The protocol can only ensure that such an attack would be very costly to pull off.
imTyrant
@imTyrant
Hi, @mrsmkl , sorry for bother you again... Recently I found that libpbc didn't meet my needs because the curves it supports are not used by ETH. Thus, I have to use another library published in https://github.com/herumi/ate-pairing. In the beginning, the emmake make command reports error: unknown FP unit 'sse', and I found a flag in the Makefile causes this. So, I delete the flag, and rebuild the code. And it reports following error. I personally think it not caused by the deleted flag. it looks like the compiler cannot find 64-bit version head file, and, instead, using 32-bit head file.
image.png
Sami Mäkelä
@mrsmkl
hmm, wasm cannot have 64-bit memory, so using -m64 flag probably won't work
Sami Mäkelä
@mrsmkl
anyway, it seems that the library generates x86_64 asm at runtime, so perhaps try libff instead
imTyrant
@imTyrant
@mrsmkl I download the libff, find that it also depends on ate-pairing. And I check the script libff.sh in https://github.com/TrueBitFoundation/wasm-ports/blob/master/libff.sh, however, the script doesn't download the dependents... like running git submodule init && git submodule update. So the script ignore this command....

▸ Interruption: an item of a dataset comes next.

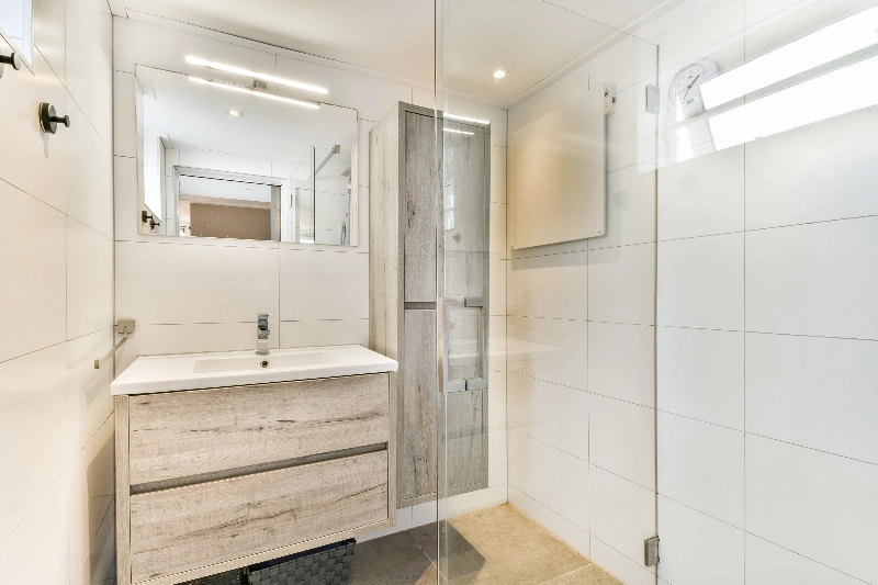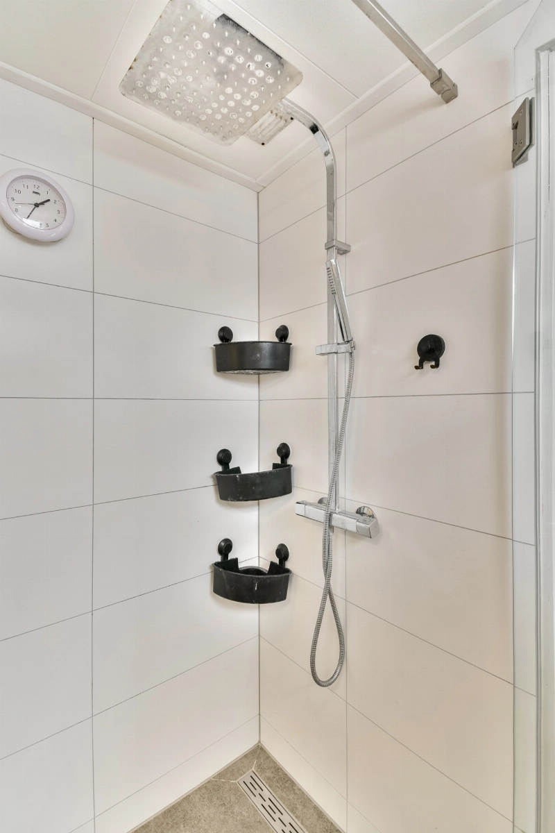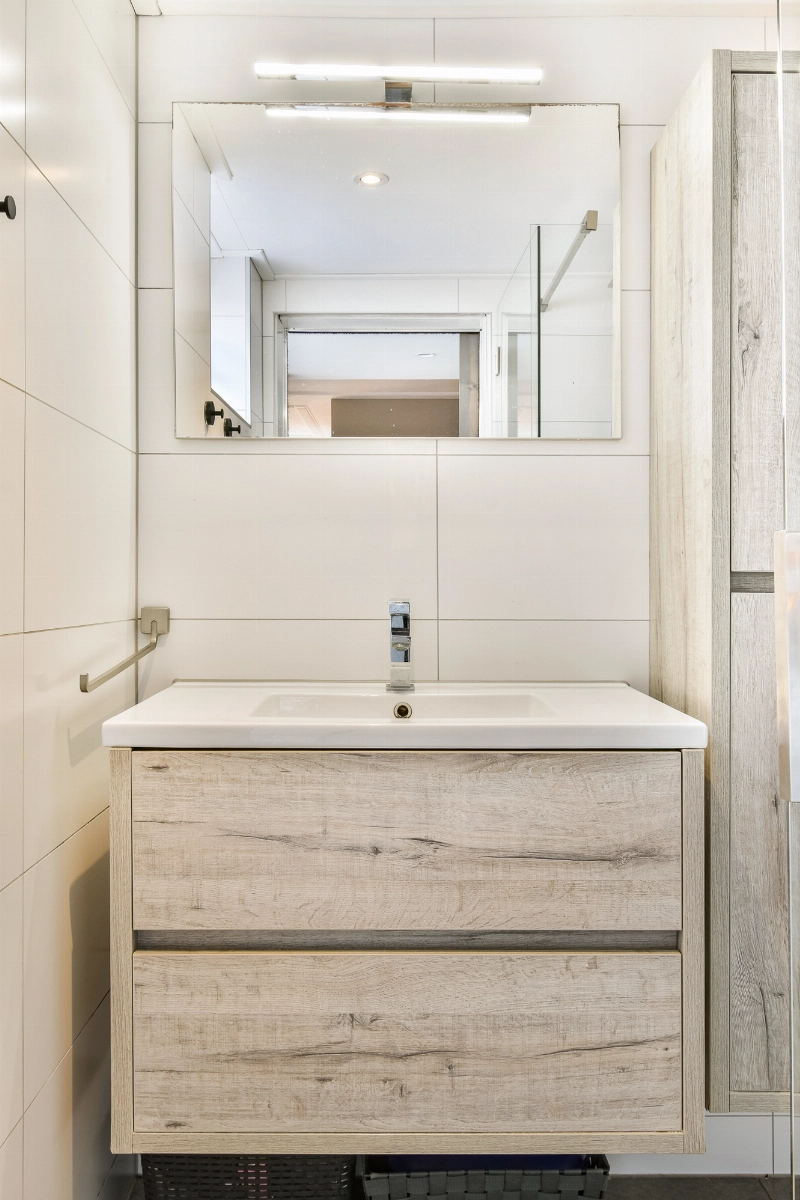 Via de hippe steigerhouten schuifdeur bereik je de moderne badkamer. Deze is in 2018 nieuw geplaatst en voorzien van witte wand- en zachtgrijze vloertegels, een inloopdouche en wastafelmeubel met kast en een verlaagd plafond met spots.

And I replace the flag -m64 by -m32 in ate-pairing, the error is following.
image.png
Sami Mäkelä
@mrsmkl
libff has also another implementation for bn128, see https://github.com/scipr-lab/libff#elliptic-curve-choices
imTyrant
@imTyrant
Hi @mrsmkl , I test libff installed in docker by the code provided in https://github.com/scipr-lab/libff/blob/f2067162520f91438b44e71a2cab2362f1c3cab4/libff/algebra/curves/tests/test_bilinearity.cpp, with the command: em++ test.cpp -s WASM=1 -lgmp -lff -I $EMSCRIPTEN/sysytem/include -std=c++11 -o test.js. When I use node run the test.js, it returns following result...
image.png
What does this error mean?
Sami Mäkelä
@mrsmkl
I guess exception handling might cause problems with emscripten
but the problem is that profiling code calls some weird functions, if they are disabled, it works
Sami Mäkelä
@mrsmkl
I updated the script for libff at wasm-ports
imTyrant
@imTyrant
Oh! Thank you very much! I'll try the new script!
Bruno Barroca
@githubbrunob
cheers
imTyrant
@imTyrant
Hi, guys. How can I know how many TRUs a task needs to consume after it has been executed?